**INFORMATION SHOWN:**
============================================================

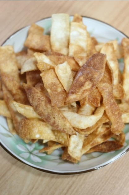 잘 튀겨진 만두피는 이렇게 먹음직스러운 황금빛을 띠며 매우 바삭해 보입니다. 이대로 튀긴 만두피를 소금만 살짝 뿌려 먹어도 담백하고 고소한 맛이 일품이에요. 기본적인 과자처럼 즐기기에도 충분하답니다.
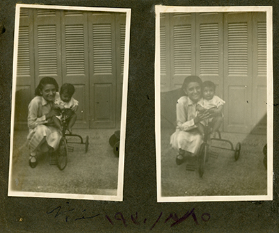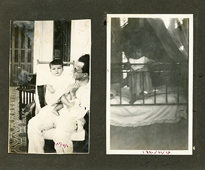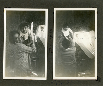 Three photos. Unidentified woman with baby (nanny?)
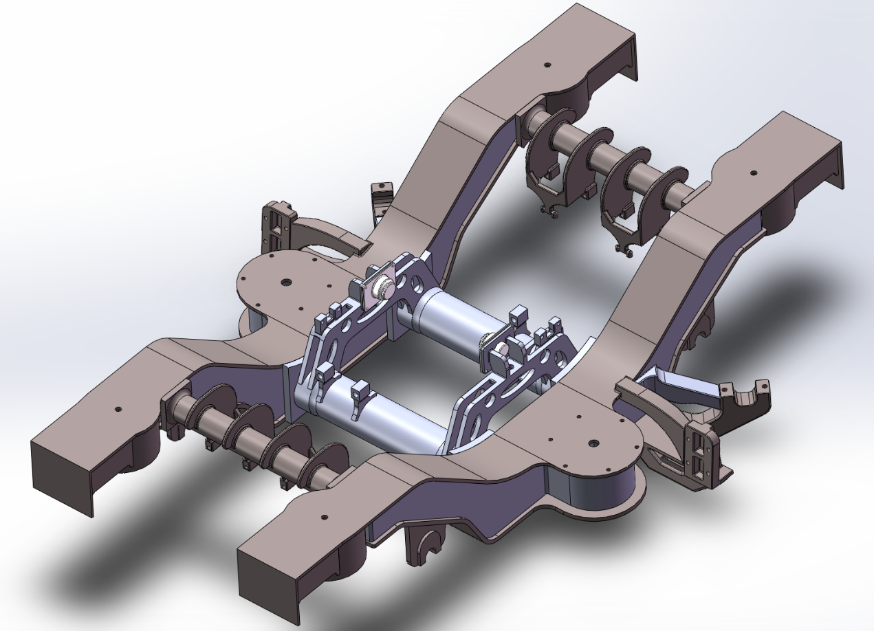 由各个模块组装成转向架整体三维模型,如下图13所示,形成较完整(无端部制动梁与轮盘制动系统)的总体技术方案。

============================================================

**PROMPT:**
Restate each line of the material word for word, skipping any picture.

**RESPONSE AREA:**
 잘 튀겨진 만두피는 이렇게 먹음직스러운 황금빛을 띠며 매우 바삭해 보입니다. 이대로 튀긴 만두피를 소금만 살짝 뿌려 먹어도 담백하고 고소한 맛이 일품이에요. 기본적인 과자처럼 즐기기에도 충분하답니다.
 Three photos. Unidentified woman with baby (nanny?)
 由各个模块组装成转向架整体三维模型,如下图13所示,形成较完整(无端部制动梁与轮盘制动系统)的总体技术方案。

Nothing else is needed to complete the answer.